Week 1 - setup, sequencing QC, mapping, variant calling#
Setup#
Due to a couple of problems along the way, the whole setup is summarized in cheatsheets. This includes Miniconda3, packages, Nextflow and Singularity installations.
Sequencing Quality Control#
Download the fasta compressed file (MN908947.fasta.zip) containing Wuhan-1 reference sequence into working directory
Activate MOOC environment
$ conda activate MOOC
Download the sequence data for following samples using:
$ fastq-dump --split-files ERR5743893
Create a folder to store QC reports
$ mkdir -p QC_Reports
Run fastqc on the two fastq files we just downloaded
$ fastqc ERR5743893_1.fastq ERR5743893_2.fastq --outdir QC_Reports
FastQC creates an .html report for each file.

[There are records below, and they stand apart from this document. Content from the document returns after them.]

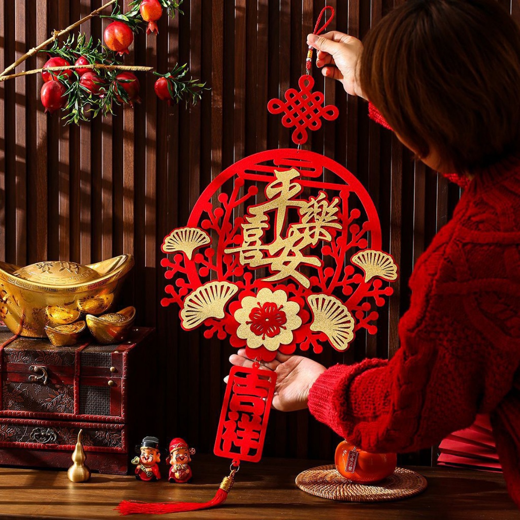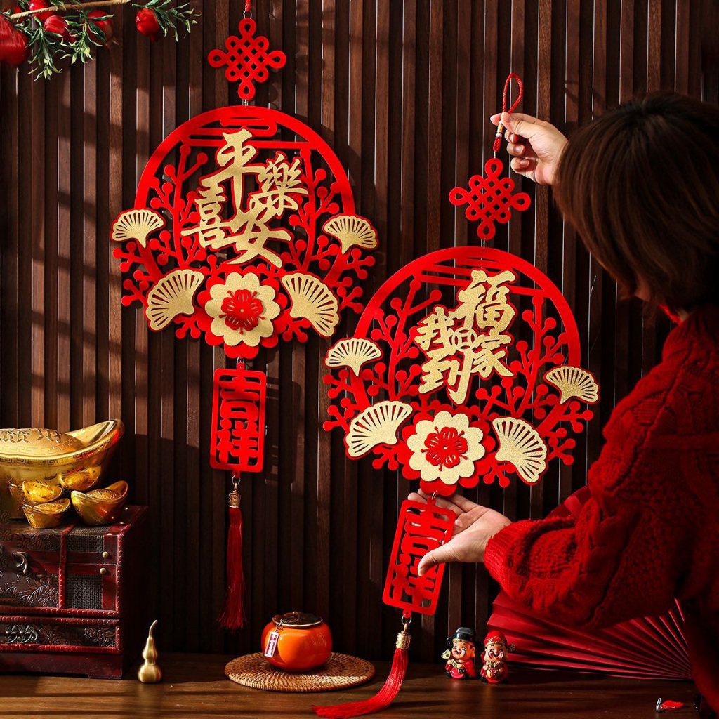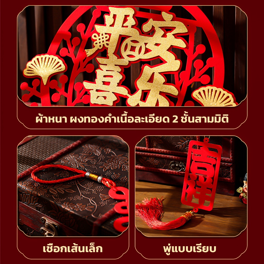 ของตกแต่งตรุษจีน ป้ายมงคล ปมเชือกจีนโบราณ เสริมสิริมงคล ความหมายดี อักษรภาษาจีนสีทอง เทศกาลปีใหม่จีน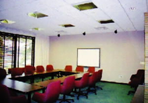 The Videssence Softlite is a recessed 2x2 fixtures, which provides even vertical illumination in three directions, while comfortably lighting the participants in the video. The indirect reflection of the fixture reduces lighting levels at the front of the space for good contrast at the monitor, while keeping direct light off the camera lens.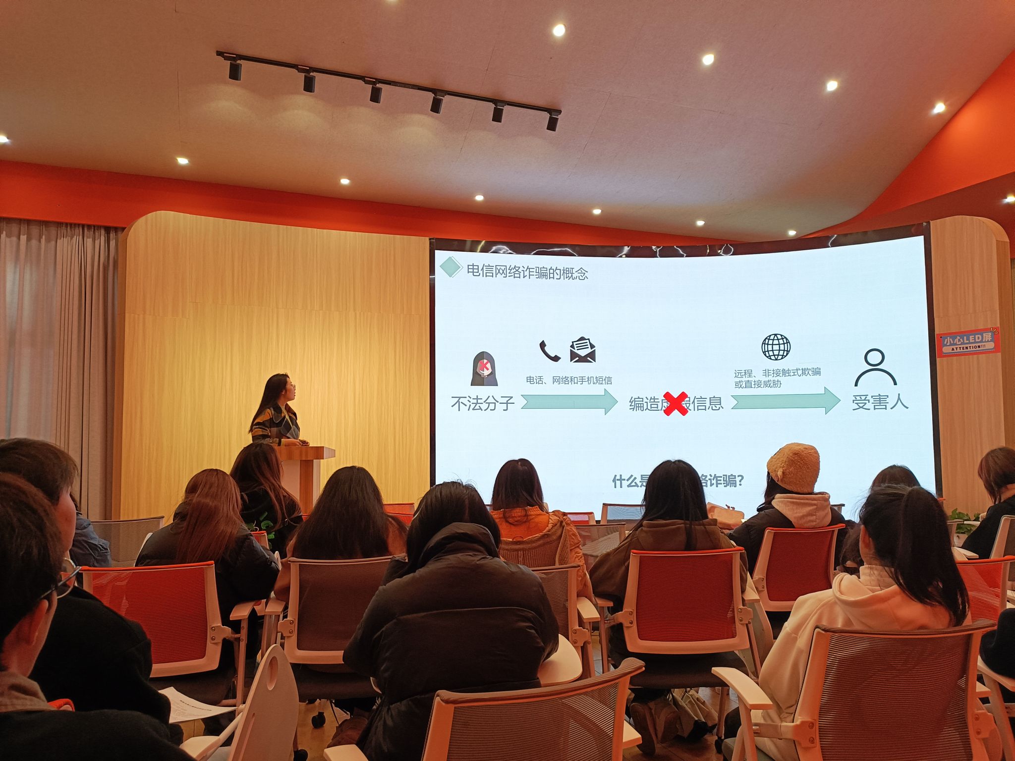 在活动开始阶段,导师首先详细讲解了电信诈骗的概念,通过一幅生动的图片,让同学们深入理解了电信诈骗的含义。同时,她也向同学们阐述了电信诈骗的基本流程以及如何通过仔细辨别来避免受骗。

To have it summarized in one report we use a tool called multiQC.
$ multiqc .
Open the multiqc_report.html in the web browser and explore the output
Mapping sample sequence to reference#
Steps:
Indexing reference genome - fasta.fai
Map sequences - .sam
Compress to binary file - .bam
Sort the .bam for quicker downstream processing - (sorted).bam
Index sorted.bam file - (sorted).bam.bai
*Visualize in Integrative Genomics Viewer (IGV)
Indexing reference genome
# be organized
$ mkdir Mapping
#index
$ bwa index MN908947.fasta
# or this, since this produces the fasta.fai file for IGV
$ samtools faidx MN908947.fasta
Map sequences
$ bwa mem MN908947.fasta ERR5743893_1.fastq ERR5743893_2.fastq > Mapping/ERR5743893.sam
Change to Mapping and check file size
$ cd Mapping
$ ls -lhrt
Compress .sam to .bam
$ cd ..
$ samtools view -@ 20 -S -b Mapping/ERR5743893.sam > Mapping/ERR5743893.bam # can change nr of threads as to specs
Check again the file size to confirm compression
Sort the .bam file
$ samtools sort -@ 32 -o Mapping/ERR5743893.sorted.bam Mapping/ERR5743893.bam
Index the (sorted).bam file
$ samtools index Mapping/ERR5743893.sorted.bam
*Visualize in IGV
Web software: Genome > load refseq.fasta & refseq.fasta.fai
Tracks > load sampleseq.sorted.bam & sampleseq.sorted.bam.bai
Variant calling#
Call variants from .bam file with FreeBayes. This results in .vcf file.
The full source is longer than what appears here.